— Material provided —
- - - - - - -
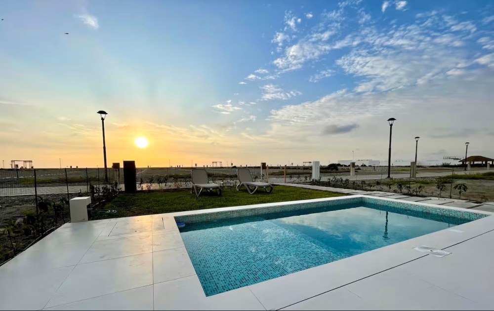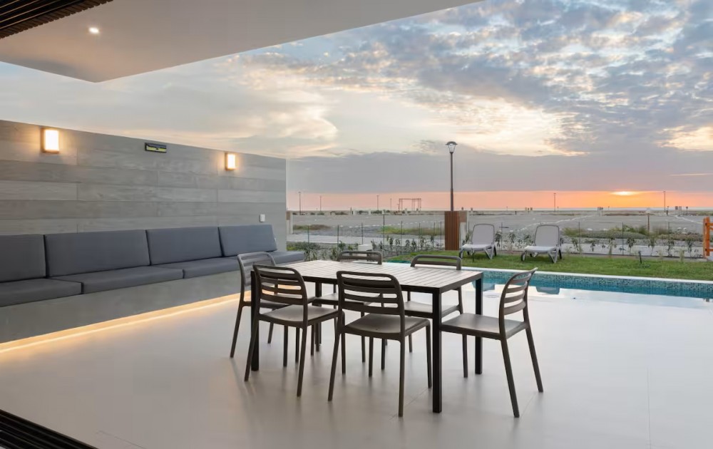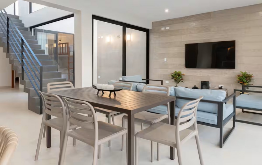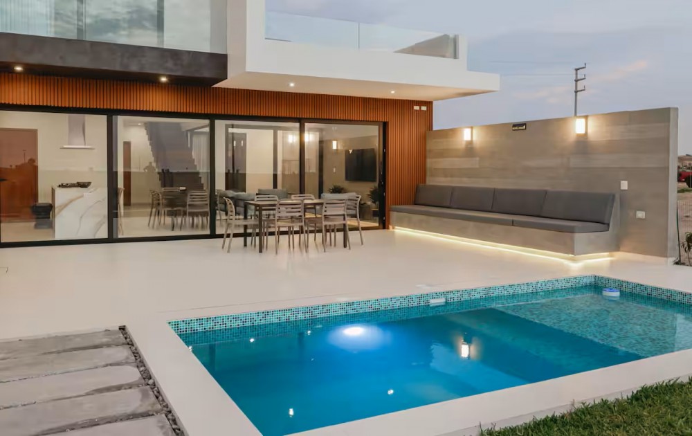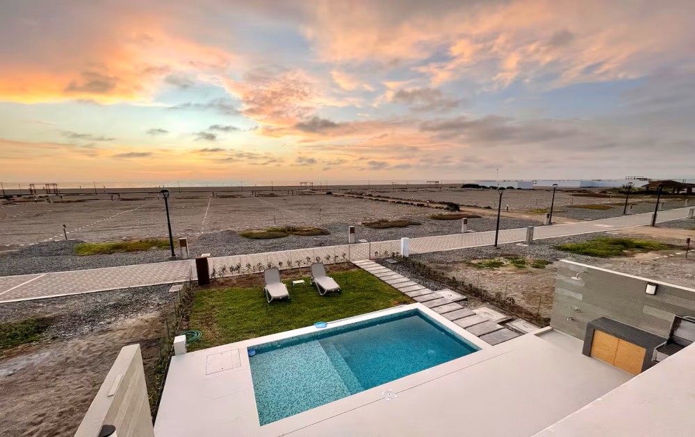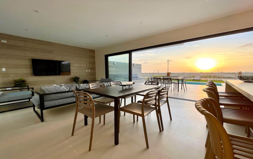 Esta casa frente al mar está diseñada para aprovechar al máximo su ubicación privilegiada frente a la playa. Con grandes ventanales que permiten una vista panorámica del océano. La estructura es moderna, con líneas limpias en un ambiente tranquilo y elegante para relajarse mientras se contempla el horizonte marino.
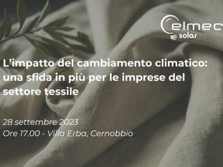 L’appuntamento, in programma il 28 settembre, a partire dalle ore 17.00, a Villa Erba, Cernobbio, sarà un'occasione per discutere le sfide riguardanti la sostenibilità che il comparto tessile deve affrontare e gli effetti della crisi climatica sul settore, in particolare sulla catena degli approvvigionamenti.
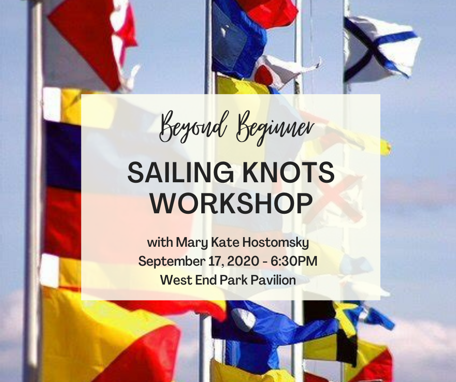 Our first workshop, offered by Mary Kate Hostomsky, will focus on common knots used in sailing and good practices in line care. Members will learn key sailing knots, their applications and features, as well as have a chance to practice tying each knot on their own. Join Mary Kate starting at 6:30pm on September 17 at the West End Pavilion. All supplies will be provided.
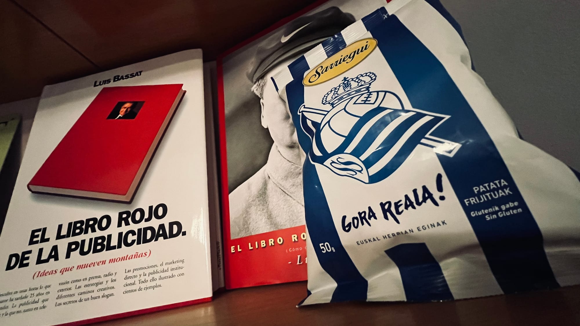 ¿Y qué hacía tan especial a esta bolsa de patatas típica de bar?. Porque su packaging emulaba la camiseta de la Real Sociedad. Equipo de Fútbol más seguido en esta localidad. Unas patatas fritas de la Marca "Sarriegui", que también cuentan con otra bolsa muy especial y diferente con la camiseta del Athletic Club de Bilbao. En las primeras se lee "Gora Reala" y en la segundas "Aúpa Athletic".
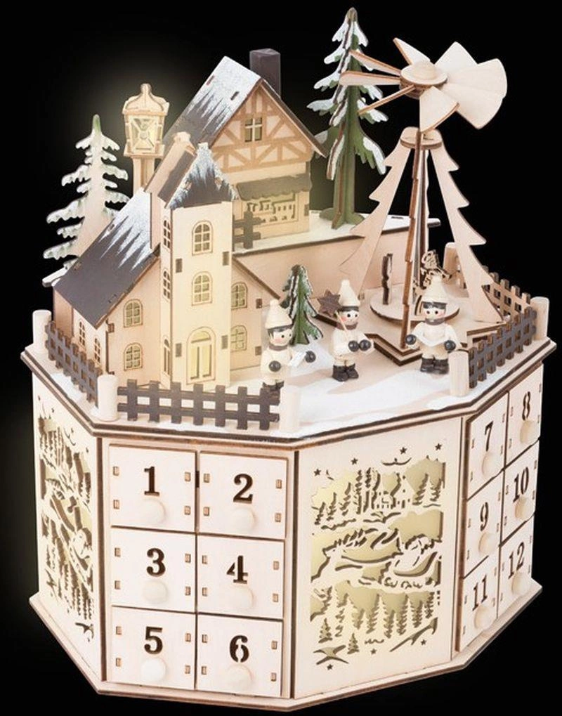 Podstawę kalendarza z drewna dekorują misternie powycinane obrazki o tematyce świątecznej. Zarówno maluchy, jak i dorośli nie będą mogli oderwać oczu od światła sączącego się przez płytki o wyglądzie matowego szkła.
- - - - - - -
— What you need to do —
Pictures stay out of the copy, while everything else in the records above goes in exactly as written.

— Solution —
 Esta casa frente al mar está diseñada para aprovechar al máximo su ubicación privilegiada frente a la playa. Con grandes ventanales que permiten una vista panorámica del océano. La estructura es moderna, con líneas limpias en un ambiente tranquilo y elegante para relajarse mientras se contempla el horizonte marino.
 L’appuntamento, in programma il 28 settembre, a partire dalle ore 17.00, a Villa Erba, Cernobbio, sarà un'occasione per discutere le sfide riguardanti la sostenibilità che il comparto tessile deve affrontare e gli effetti della crisi climatica sul settore, in particolare sulla catena degli approvvigionamenti.
 Our first workshop, offered by Mary Kate Hostomsky, will focus on common knots used in sailing and good practices in line care. Members will learn key sailing knots, their applications and features, as well as have a chance to practice tying each knot on their own. Join Mary Kate starting at 6:30pm on September 17 at the West End Pavilion. All supplies will be provided.
 ¿Y qué hacía tan especial a esta bolsa de patatas típica de bar?. Porque su packaging emulaba la camiseta de la Real Sociedad. Equipo de Fútbol más seguido en esta localidad. Unas patatas fritas de la Marca "Sarriegui", que también cuentan con otra bolsa muy especial y diferente con la camiseta del Athletic Club de Bilbao. En las primeras se lee "Gora Reala" y en la segundas "Aúpa Athletic".
 Podstawę kalendarza z drewna dekorują misternie powycinane obrazki o tematyce świątecznej. Zarówno maluchy, jak i dorośli nie będą mogli oderwać oczu od światła sączącego się przez płytki o wyglądzie matowego szkła.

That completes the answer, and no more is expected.